- **INFORMATION GIVEN**
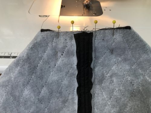 | On the right side, topstitch along the short ends of the welt. |
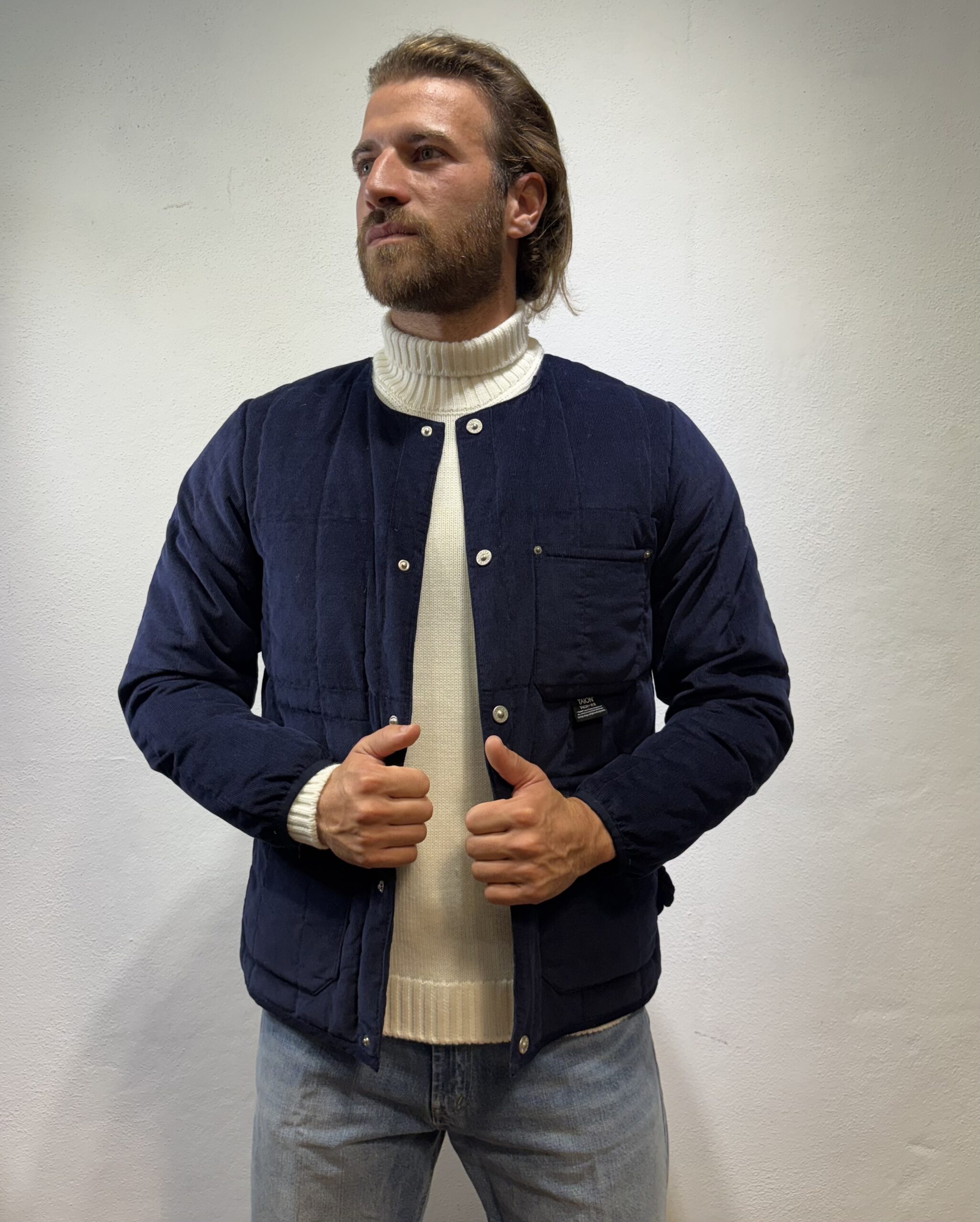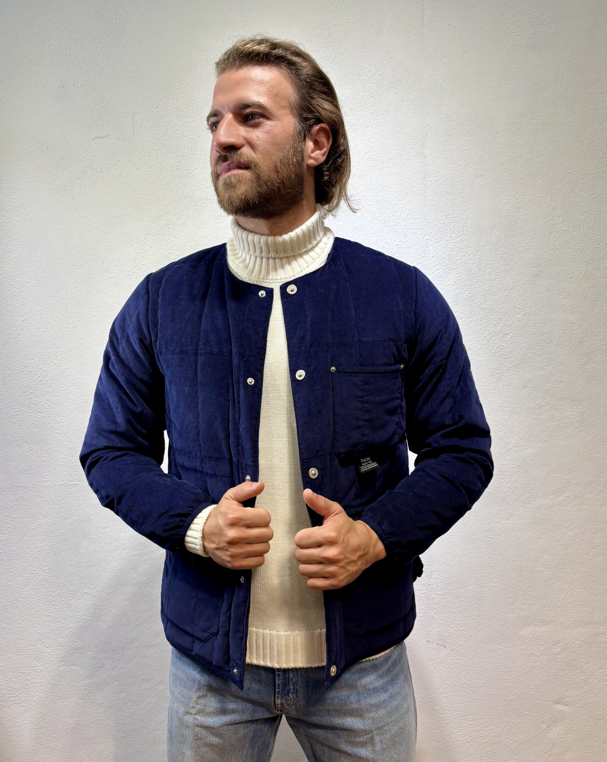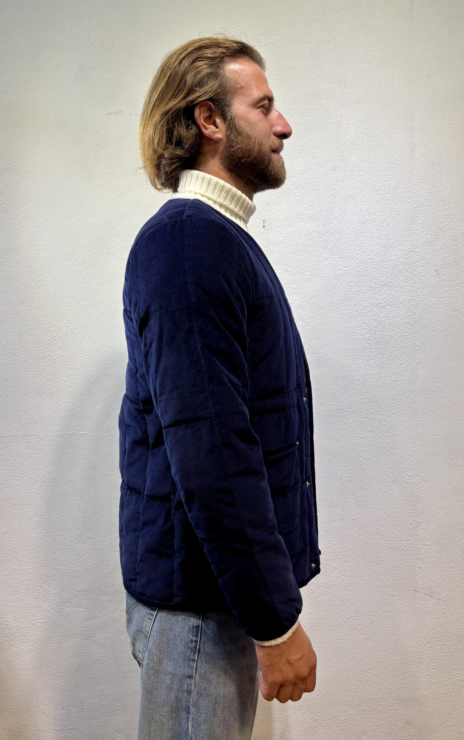 Taion giacca girocollo in velluto blu 104 BWK BLU GIACCA IN VELLUTO BLU Piumino imbottio in velluto girocollo chiusura con bottoni Composizione: imbottitura 95% piumino 5% piuma fodera 100% poliestere, esterno 100% cotone Made in China
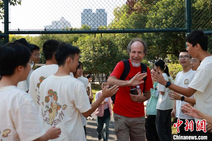 10月11日,辛辛那提—柳州姐妹城市委员会主席约瑟夫与柳州学生互动。 林馨 摄
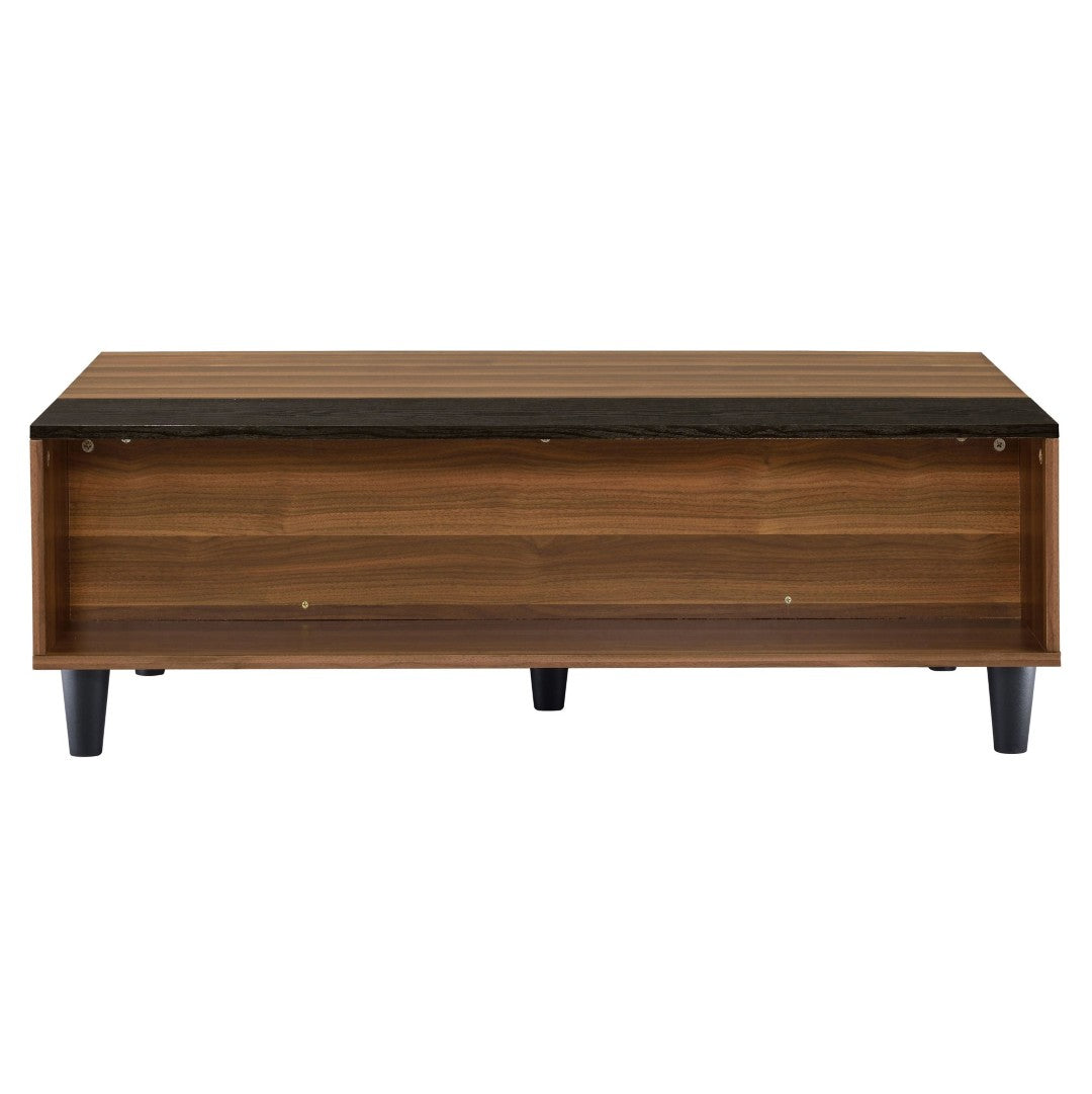 A stylish blend of mid-century warmth and modern functionality, this walnut-and-black lift-top coffee table transforms your living room into a more comfortable, organized, and elegant space. The smooth lift-top mechanism creates an elevated surface for working, dining, or entertaining, while the open storage compartment keeps frequently used items within easy reach. Clean lines, tapered wooden legs, and a two-tone finish make this piece a versatile focal point that complements a wide range of décor styles.
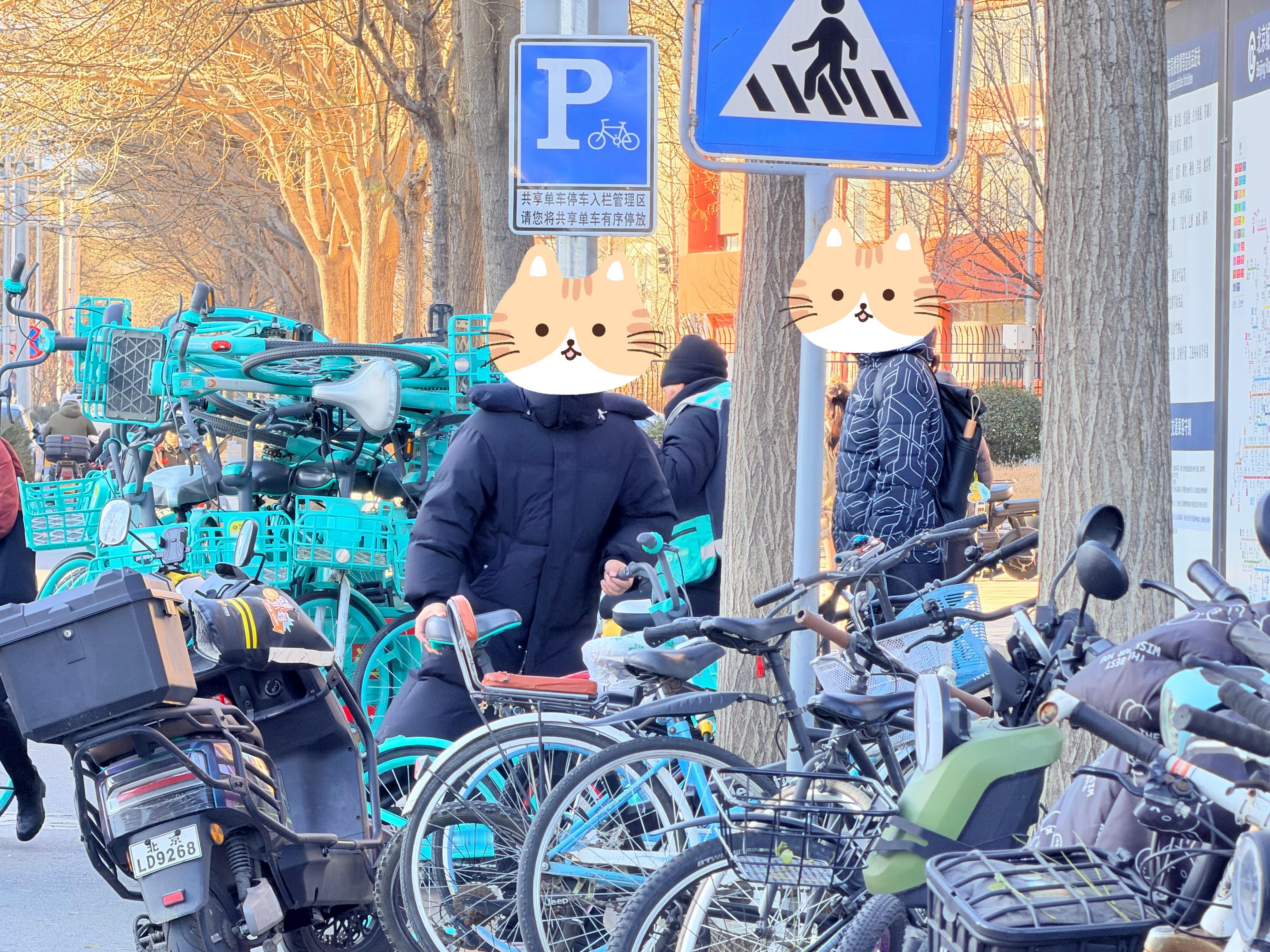 体感温度零下八度的北京,大家排队等着“领取”共享单车

- **WHAT NEEDS TO BE DONE**
Reproduce the entries exactly. Do not carry over any picture.

- **FINISHED EXERCISE**
 | On the right side, topstitch along the short ends of the welt. |
 Taion giacca girocollo in velluto blu 104 BWK BLU GIACCA IN VELLUTO BLU Piumino imbottio in velluto girocollo chiusura con bottoni Composizione: imbottitura 95% piumino 5% piuma fodera 100% poliestere, esterno 100% cotone Made in China
 10月11日,辛辛那提—柳州姐妹城市委员会主席约瑟夫与柳州学生互动。 林馨 摄
 A stylish blend of mid-century warmth and modern functionality, this walnut-and-black lift-top coffee table transforms your living room into a more comfortable, organized, and elegant space. The smooth lift-top mechanism creates an elevated surface for working, dining, or entertaining, while the open storage compartment keeps frequently used items within easy reach. Clean lines, tapered wooden legs, and a two-tone finish make this piece a versatile focal point that complements a wide range of décor styles.
 体感温度零下八度的北京,大家排队等着“领取”共享单车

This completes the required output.